(AIM OF THE EXERCISE) Set down, character for character, everything in the records below from the line holding "Z televizoru, který" down to the line holding "Проводы осени - это", and no other line.

(RECORDS SUPPLIED)
• • • • • • •
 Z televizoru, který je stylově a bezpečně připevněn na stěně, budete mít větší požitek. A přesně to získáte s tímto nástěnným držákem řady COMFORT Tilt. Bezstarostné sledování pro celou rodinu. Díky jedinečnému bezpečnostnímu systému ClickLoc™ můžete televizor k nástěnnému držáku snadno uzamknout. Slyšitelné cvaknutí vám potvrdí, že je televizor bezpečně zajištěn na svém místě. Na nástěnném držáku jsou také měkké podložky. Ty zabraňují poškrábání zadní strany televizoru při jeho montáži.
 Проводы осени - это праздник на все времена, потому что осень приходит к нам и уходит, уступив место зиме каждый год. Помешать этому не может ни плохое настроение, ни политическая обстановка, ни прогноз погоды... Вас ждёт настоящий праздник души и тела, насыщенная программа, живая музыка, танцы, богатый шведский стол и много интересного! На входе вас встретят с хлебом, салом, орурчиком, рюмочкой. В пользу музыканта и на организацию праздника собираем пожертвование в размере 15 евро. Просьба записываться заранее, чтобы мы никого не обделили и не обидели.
• • • • • • •
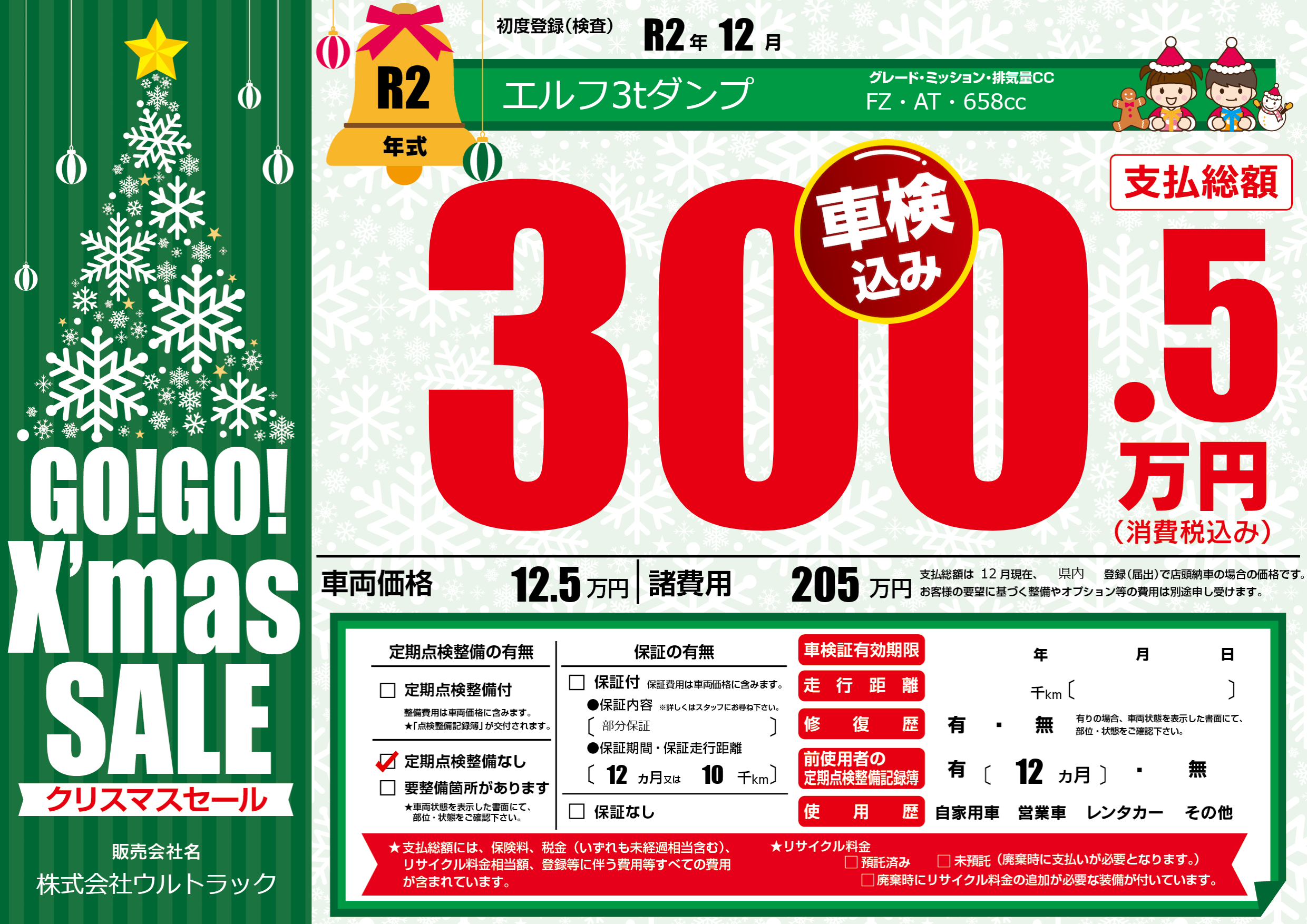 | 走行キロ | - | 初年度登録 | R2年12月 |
• • • • • • •
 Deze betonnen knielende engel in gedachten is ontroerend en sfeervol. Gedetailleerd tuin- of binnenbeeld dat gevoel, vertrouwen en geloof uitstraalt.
• • • • • • •
(TASK ANSWER)
 Z televizoru, který je stylově a bezpečně připevněn na stěně, budete mít větší požitek. A přesně to získáte s tímto nástěnným držákem řady COMFORT Tilt. Bezstarostné sledování pro celou rodinu. Díky jedinečnému bezpečnostnímu systému ClickLoc™ můžete televizor k nástěnnému držáku snadno uzamknout. Slyšitelné cvaknutí vám potvrdí, že je televizor bezpečně zajištěn na svém místě. Na nástěnném držáku jsou také měkké podložky. Ty zabraňují poškrábání zadní strany televizoru při jeho montáži.
 Проводы осени - это праздник на все времена, потому что осень приходит к нам и уходит, уступив место зиме каждый год. Помешать этому не может ни плохое настроение, ни политическая обстановка, ни прогноз погоды... Вас ждёт настоящий праздник души и тела, насыщенная программа, живая музыка, танцы, богатый шведский стол и много интересного! На входе вас встретят с хлебом, салом, орурчиком, рюмочкой. В пользу музыканта и на организацию праздника собираем пожертвование в размере 15 евро. Просьба записываться заранее, чтобы мы никого не обделили и не обидели.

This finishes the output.